Exercise after menopause

Light physical activity improves the body composition of postmenopausal women more than it does for premenopausal women, according to a study presented last month at the annual meeting of the North American Menopause Society.

University of Massachusetts Amherst researchers compared the amount of time spent on physical activities such as casual walking and gardening among both premenopausal and postmenopausal women and found that the benefits of exercise were not the same for the two groups.

“Across the board, for each measure of body composition, we found that light physical exercise had a greater impact in postmenopausal compared with premenopausal women,” said Lisa Troy, lead study author. “We additionally found that sedentary behavior was more strongly associated with waist circumference in postmenopausal women. This is an important public health message because as women go through menopause, physiological changes may decrease a woman’s motivation to exercise. What we’ve found in our study suggests that doing even a little bit of exercise may make a big difference in body composition.”

Better brain health

Sticking to a Mediterranean or Mediterranean-like diet might conserve brain cells that otherwise might be lost to aging, according to an article in Neurology, the medical journal of the American Academy of Neurology.

A study conducted at Columbia University in New York demonstrated that those who followed a Mediterranean-like diet that involved eating more fish and plant-based foods and fewer meats and dairy foods had larger brain volume than those who did not follow the diet. The difference was significant, essentially amounting to five years of aging.

The study divided nearly 700 adults (average age of 80) who did not have dementia into two groups.
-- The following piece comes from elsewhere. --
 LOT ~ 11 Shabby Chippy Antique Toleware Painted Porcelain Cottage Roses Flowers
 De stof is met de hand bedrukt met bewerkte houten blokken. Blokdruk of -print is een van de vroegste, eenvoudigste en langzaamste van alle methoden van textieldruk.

One group followed Mediterranean-like diet guidelines in at least five food components, either consuming more of the diet’s healthy foods or fewer of its unhealthy foods, and those in the other group did not follow the diet.

The Mediterranean-like diet used in the study included high consumption of vegetables, legumes, fruits, cereals, fish and monounsaturated fatty acids such as olive oil; low consumption of saturated fatty acids, dairy products, meat an poultry; and mild to moderate intake of alcohol.

Participants in both groups underwent brain scans about seven months into the study.

Study author and American Academy of Neurology member Yian Gu said the study suggested that eating at least three to five ounces of fish weekly or eating no more than 3.5 ounces of meat per day might offer protection against brain cell loss equal to three or four years of aging.

“These results are exciting, as they raise the possibility that people may potentially prevent brain shrinking and the effects of aging on the brain simply by following a healthy diet,” Gu said.

Hearing aid bonus

It turns out hearing aids may do more than improve hearing ability. For senior adults, hearing aids might safeguard cognition and memory, too.

A study involving about 3,500 older adults found that while hearing loss was significantly associated with with greater cognitive decline over a 25-year period, hearing-impaired adults who used hearing aids had no greater decline in cognitive function than those with no hearing loss.

Study results were published in the Journal of the American Geriatrics Society.